Cdc48/p97 promotes degradation of aberrant nascent polypeptides bound to the ribosome
- California Institute of Technology, United States
- Howard Hughes Medical Institute, California Institute of Technology, United States
Figures
Figure 1 with 2 supplements
Ub conjugates accumulate on ribosomes isolated from cdc48 and npl4-1 mutants.
(A) Ribosome assembly is unimpaired in cdc48-3 mutant cells and Ub conjugates accumulate on cdc48-3 ribosomes. Ribosomes were immunoprecipitated (IP) from cdc48-3 (Untagged, UT), RPL18BTAP (WT), and cdc48-3 RPL18BTAP cells shifted to the non-permissive temperature (37°C) for 90 min. Purified ribosomes were evaluated by Coomassie blue staining (Figure 1—figure supplement 2A) and immunoblotting (IB) with Ub and anti-Rpl32 antibodies. Anti-Rpl32 also detects Rps2. (B) WT and mutant cells grown at 24°C were shifted to 30°C for two generations and pdr5Δ cells were either mock-treated with DMSO, or 30 μM MG132 for 30 min. Ribosomes were isolated (input cell lysates, right panel) by sedimentation through sucrose cushions. Ribosome pellets were evaluated by IB with Ub and Rpl32 antibodies (left panels). (C) The ATPase activity of Cdc48 promotes clearance of Ub conjugates from ribosomes. Mutant cdc48-3 cells containing plasmid-borne WT GAL-CDC48His6 or the Q2 mutant were grown in galactose for 2 hr to induce expression of ectopic Cdc48. Induced cells were shifted to 35°C for 1 hr to inactivate cdc48-3 before being harvested. Ribosomes were isolated by sedimentation through sucrose cushions and input cell lysates and ribosome pellets were evaluated as in (A). (D) Cdc48 binds to purified ribosomes. Ribosomes were affinity-purified from untagged or RPL18BTAP-tagged cells and the levels of bound Cdc48 and Ufd1 were evaluated by IB with the respective antibodies.

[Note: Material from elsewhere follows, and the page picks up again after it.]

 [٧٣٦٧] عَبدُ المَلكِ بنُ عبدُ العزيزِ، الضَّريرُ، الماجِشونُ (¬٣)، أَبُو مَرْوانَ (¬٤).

Figure 1—figure supplement 1
Cdc48 pathway mutants are sensitive to hygromycin B (A) and paromomycin (B).
Serial fivefold dilutions of wildtype and mutant cells were spotted on YPD plates either lacking (untreated) or containing the indicated amount of drug and incubated at the indicated temperature for 3 days.
Figure 1—figure supplement 2
Ribosome assembly is unimpaired in Cdc48 pathway mutants.

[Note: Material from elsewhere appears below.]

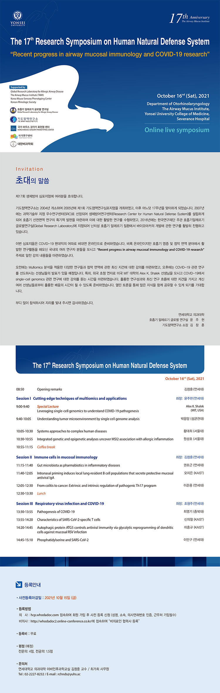 유관기관 연세의대 기도점액연구소 제 17차 생체방어심포지엄 (10/16, 토) 조회수 : 913 게시일 : 2021-09-29 연세의대 기도점액연구소에서 10월 16일(토)에 제 17차 생체방어심포지엄을 개최합니다. 자세한 내용은 첨부 파일 확인 부탁드리며, 많은 관심과 참여 바랍니다. - 장소: Online 개최 - 주최/주관 기도점액연구소 - 사전접수 2021.09.29 – 2021.10.15 The17thResearchSymposiumonHumanNaturalDefenseSystem리플렛.jpg (다운로드 : 123회) 목록

(A) SDS-PAGE and Coomassie blue analysis of affinity-purified ribosomes from untagged (UT, lane 1), WT (lane 2) and cdc48-3 (lane 3) strains used in Figure 1A. (B) Absorbance profile (254 nm) of wildtype and mutant lysates fractionated on 10–50% sucrose gradients.
Figure 2 with 1 supplement
Ubiquitinated nascent peptides linked to tRNA accumulate on ribosomes in cdc48-3 and ufd1-2 mutants.

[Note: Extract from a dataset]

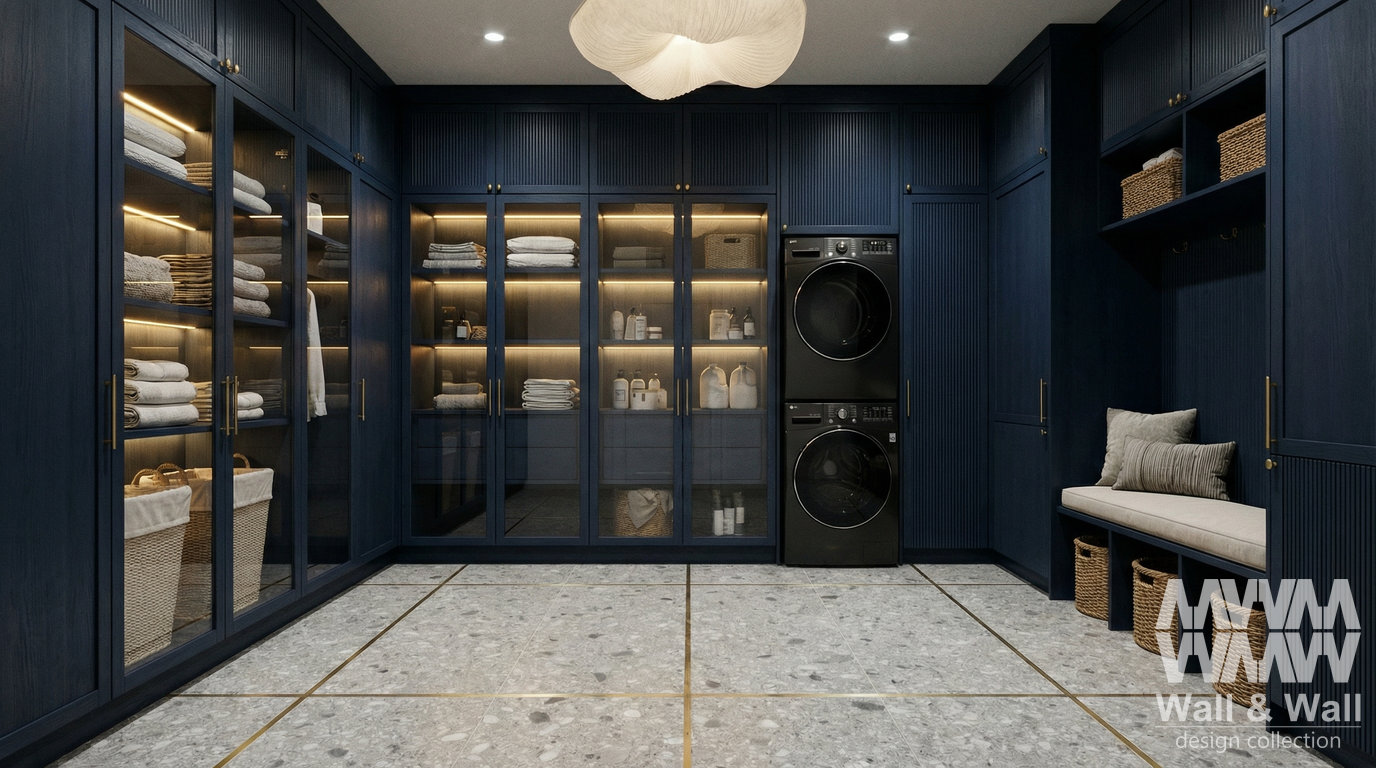 Стильная постирочная с шкафами во всю стену в глубоком синем цвете. Закрытые секции прячут всё лишнее, а шкафы со стеклом и подсветкой красиво показывают полотенца и средства для ухода. Есть отдельные полки и удобная лавка с корзинами — всё под рукой и всегда порядок. Стиральная и сушильная машины аккуратно стоят в одной нише и не выбиваются из общего вида.

(A) Puromycin-dependent binding to UBA resin of Ub conjugates from cdc48-3 ribosomes. Ribosomes were affinity-purified from untagged or wildtype and mutant RPL18BTAP cells grown at 37°C for 90 min and eluted with TEV protease in the presence or absence of puromycin (puro), followed by incubation with UBA resin. Bound fractions were resolved by SDS-PAGE and immunoblotted with antibodies to Ub (top panel) or puromycin (lower panel). (B) Transfer of Ub conjugates to puromycin was RNAse A-sensitive. Ribosomes were affinity-purified from cdc48-3 (UT) or cdc48-3RPL18BTAP cells as described above in the absence (lanes 1, 2 and 3) or presence of 200 μg/ml RNAse A. Following elution with TEV protease, samples from the tagged cells (lane 3) were treated with 200 μg/ml RNAse A at 30°C for 10 min before incubation of all samples with puromycin and binding to UBA resin. The bound fractions were evaluated as in (A). (C) CTAB-precipitable Ub conjugates accumulate on cdc48-3 ribosomes. Ribosomes affinity-purified from the same strains used in panel (A) were treated with RNAse A (or not) and subjected to precipitation (pptn) with CTAB. Precipitates were resolved by SDS-PAGE and immunoblotted with anti-Ub. 48 Refers to cdc48-3. (D) Ubiquitinated newly-synthesized proteins accumulate on ribosomes isolated from cdc48-3 and ufd1-2 mutants. Cells were pulse-labeled for 90 s with 35S methionine and chased with cold methionine and cycloheximide for the indicated times. Ribosomes were affinity-purified, eluted with TEV protease in the presence of puromycin, and loaded onto UBA resin. The bound fraction was evaluated by SDS-PAGE followed by autoradiography. Densitometry indicated that <5% of the high MW material was released from ufd1-2 ribosomes between the 0- and 10-min time points.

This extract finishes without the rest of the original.